SUDBURY, Mass. (AP) _ This year’s traditional Lincoln-Sudbury Regional High School yearbook is 310 pages long and would make a pretty good doorstop. The school’s other yearbook is another story.

It talks.

The suburban Boston school is among the first in the nation to publish a CD-ROM version of its yearbook.

The computerized ``yeardisc″ includes more than a thousand photos and a year’s worth of school newspapers, all against a backdrop of schoolhouse sounds _ from hallway chatter to cafeteria cacophony. One student’s picture even ``morphs″ from high school senior to grade-schooler in a few seconds.

Eleven students put the disc together in marathon sessions before, during and after school. At one point, they put up a hammock in their work room for quick rest periods.

``Once we tried to spend the night here,″ student Jennifer Coogan said. ``But our parents drew the line there.″

On Thursday, the group was working out last-minute ``bugs″ in a prototype before sending it out to be imprinted on 500 discs.
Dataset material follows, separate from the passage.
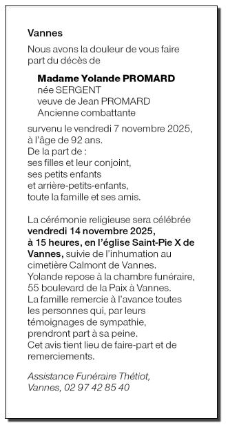 Died in Vannes (56000) on 07 November 2025 at the age of 92 years

The CD-ROMS, when put into equipped personal computers, can play back sound, text and images.

Though literally signing the shiny discs is not advised, CD-ROM yearbooks do have several advantages over print ones.

For one thing, they are cheaper: the school’s ``Dyad on Disc″ costs $19.96, compared to $50 for the book. They also are able to fit much more information than paper yearbooks without jacking up the size and cost. For example, seniors get up to 500 words to sum up their school experiences instead of the regular sentence or two.
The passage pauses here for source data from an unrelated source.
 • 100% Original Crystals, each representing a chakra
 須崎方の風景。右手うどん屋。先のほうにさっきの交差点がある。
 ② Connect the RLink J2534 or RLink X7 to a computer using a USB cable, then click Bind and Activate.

And, of course, CD-ROM can bring alive the sights and sounds of high school.

Random sounds, including student comments and a history class lecture, play as you navigate the disc. Click on a candid shot of a classmate or look up a student’s name, and you are linked to more information about the student. The disc also includes 40 pictures from a student art show.

Going to CD-ROM was a logical next step for Lincoln-Sudbury because students already produce much of the print yearbook using electronic publishing software, yearbook adviser Fred Walker said.
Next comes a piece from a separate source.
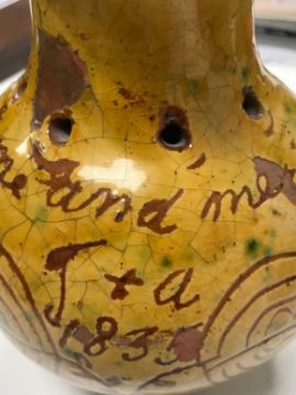 sgraffito decorated with stylised tulips, with the inscription, 'Drink of me and merry be, I M 1835', the centre with the initials, 'J & A 1835'.

``We were digitizing so many images anyway, that to put them on CD-ROM was easy,″ he said.

The school, which includes students from two affluent suburbs west of Boston, is wired, too. Everyone from the principal to incoming freshmen has access to e-mail and the Internet. There are 160 computers for 950 students.

Lincoln-Sudbury is not the first school to make the cyber-leap to CD-ROM yearbooks. Round Rock, Texas-based Electronic Tour Corp. made similar discs for several schools last year.

But despite the advances in technology, there are always some drawbacks.

``You can’t have your friends’ signatures or pages you can turn. You can’t take the disc to grandma’s house,″ said Mark Nesky, one of the four CD-ROM yearbook’s editors-in-chief.